■ **Exercise prompt**
In full and unchanged, set down the entries that follow, with no images.

[Data entries]
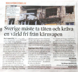 På Hiroshimadagen 6 augusti 2023 gav sig Tyresöradions Ann Sandin-Lindgren in till Stockholm och lyssnade på Rolf Ekéus i Storkyrkan som bl.a. pratade om att medlemmarna i NATO är skyldiga att medverka i kärnvapenkrig. Även röster från en manifestation i Kungsträdgården hörs. En insändare i Mitt i Tyresö från TUFFs ordförande läses upp.
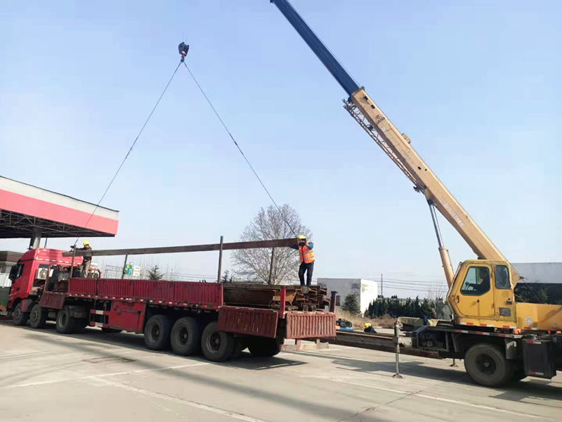 預(yù)制場(chǎng)工字鋼和龍門道軌進(jìn)場(chǎng)卸車安裝
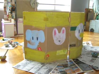 写真は、6年生の作品の家です。まだ、制作途中ですが、ドアが開くように
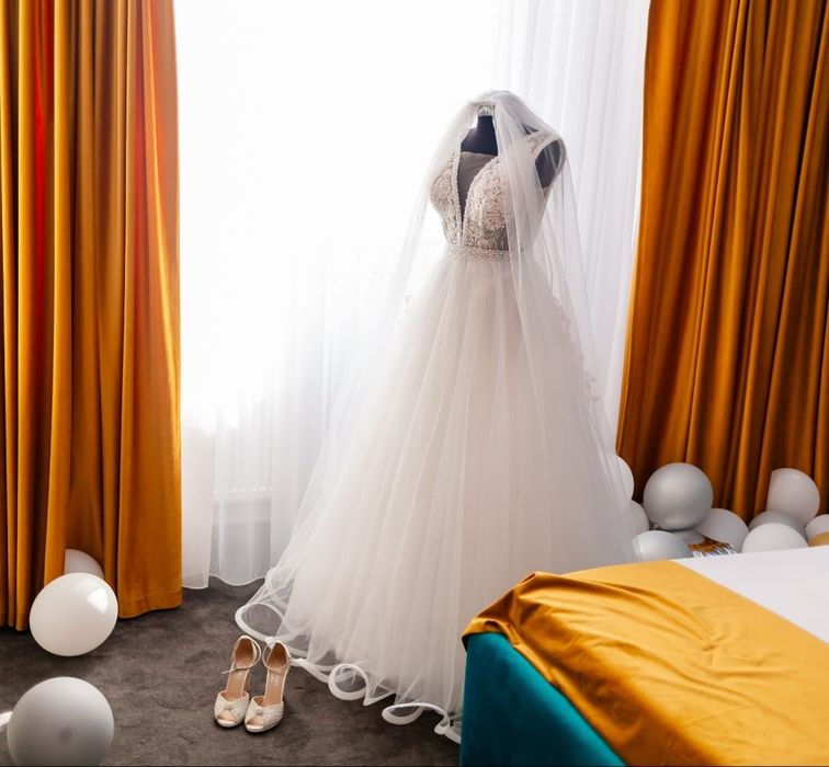 Rochie mireasa - S + voal lung GRATIS
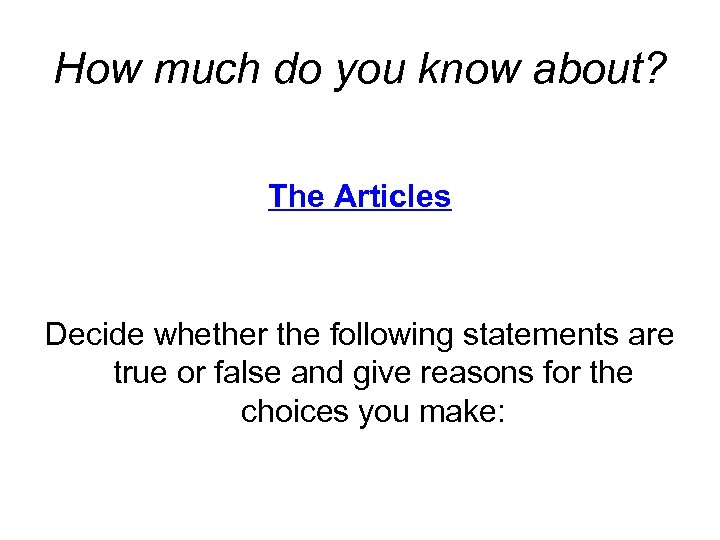 How much do you know about? The Articles Decide whether the following statements are true or false and give reasons for the choices you make:
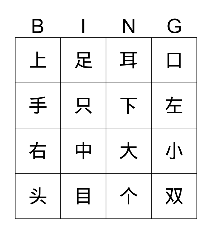 This bingo card has 16 words: 头, 目, 耳, 口, 手, 足, 大, 小, 上, 只, 个, 左, 右, 中, 下 and 双.
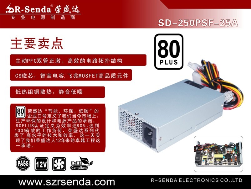 廣東刀片式1U電源 ATX輸出額定250W描述
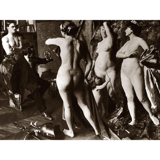 In the Painters Studio White Modern Wood Framed Art Print by Vintage Nudes
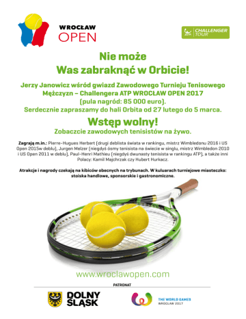 ATP TM CHALLENGER TOUR Zawodowy Turniej Tenisowy Mê¿czyzn Challenger ATP 15–21 lutego 2016, hala Orbita Nie może Was zabraknąć w Orbicie! Zawodowy Turniej Tenisowy Mê¿czyzn Challenger ATP 15–21 lutego 2016, hala Orbita Jerzy Janowicz wśród gwiazd Zawodowego Turnieju Tenisowego Mężczyzn – Challengera ATP WROCŁAW OPEN 2017 (pula nagród: 85 000 euro). Serdecznie zapraszamy do hali Orbita od 27 lutego do 5 marca. Wstęp wolny! Zobaczcie zawodowych tenisistów na żywo. Zagrają m.in.: Pierre-Hugues Herbert (drugi deblista świata w rankingu, mistrz Wimbledonu 2016 i US Open 2015w deblu), Jurgen Melzer (niegdyś ósmy tenisista na świecie w singlu, mistrz Wimbledon 2010 i US Open 2011 w deblu), Paul-Henri Mathieu (niegdyś dwunasty tenisista w rankingu ATP), a także inni Polacy: Kamil Majchrzak czy Hubert Hurkacz. Atrakcje i nagrody czekają na kibiców obecnych na trybunach. W kuluarach turniejowe miasteczko: stoiska handlowe, sponsorskie i gastronomiczne. www.wroclawopen.com PATRONAT
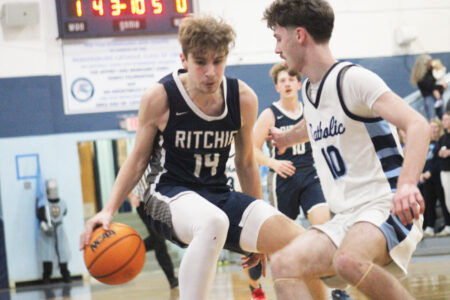 Parkersburg Catholic’s Preston Randolph (10) applies defensive pressure on Ritchie County’s Isaac Hodges (14) during Tuesday’s game in Parkersburg. Hodges scored a game-high 36 points as the Rebels won, 70-50. (Photo by Kerry Patrick)

■ **Task response**
 På Hiroshimadagen 6 augusti 2023 gav sig Tyresöradions Ann Sandin-Lindgren in till Stockholm och lyssnade på Rolf Ekéus i Storkyrkan som bl.a. pratade om att medlemmarna i NATO är skyldiga att medverka i kärnvapenkrig. Även röster från en manifestation i Kungsträdgården hörs. En insändare i Mitt i Tyresö från TUFFs ordförande läses upp.
 預(yù)制場(chǎng)工字鋼和龍門道軌進(jìn)場(chǎng)卸車安裝
 写真は、6年生の作品の家です。まだ、制作途中ですが、ドアが開くように
 Rochie mireasa - S + voal lung GRATIS
 How much do you know about? The Articles Decide whether the following statements are true or false and give reasons for the choices you make:
 This bingo card has 16 words: 头, 目, 耳, 口, 手, 足, 大, 小, 上, 只, 个, 左, 右, 中, 下 and 双.
 廣東刀片式1U電源 ATX輸出額定250W描述
 In the Painters Studio White Modern Wood Framed Art Print by Vintage Nudes
 ATP TM CHALLENGER TOUR Zawodowy Turniej Tenisowy Mê¿czyzn Challenger ATP 15–21 lutego 2016, hala Orbita Nie może Was zabraknąć w Orbicie! Zawodowy Turniej Tenisowy Mê¿czyzn Challenger ATP 15–21 lutego 2016, hala Orbita Jerzy Janowicz wśród gwiazd Zawodowego Turnieju Tenisowego Mężczyzn – Challengera ATP WROCŁAW OPEN 2017 (pula nagród: 85 000 euro). Serdecznie zapraszamy do hali Orbita od 27 lutego do 5 marca. Wstęp wolny! Zobaczcie zawodowych tenisistów na żywo. Zagrają m.in.: Pierre-Hugues Herbert (drugi deblista świata w rankingu, mistrz Wimbledonu 2016 i US Open 2015w deblu), Jurgen Melzer (niegdyś ósmy tenisista na świecie w singlu, mistrz Wimbledon 2010 i US Open 2011 w deblu), Paul-Henri Mathieu (niegdyś dwunasty tenisista w rankingu ATP), a także inni Polacy: Kamil Majchrzak czy Hubert Hurkacz. Atrakcje i nagrody czekają na kibiców obecnych na trybunach. W kuluarach turniejowe miasteczko: stoiska handlowe, sponsorskie i gastronomiczne. www.wroclawopen.com PATRONAT
 Parkersburg Catholic’s Preston Randolph (10) applies defensive pressure on Ritchie County’s Isaac Hodges (14) during Tuesday’s game in Parkersburg. Hodges scored a game-high 36 points as the Rebels won, 70-50. (Photo by Kerry Patrick)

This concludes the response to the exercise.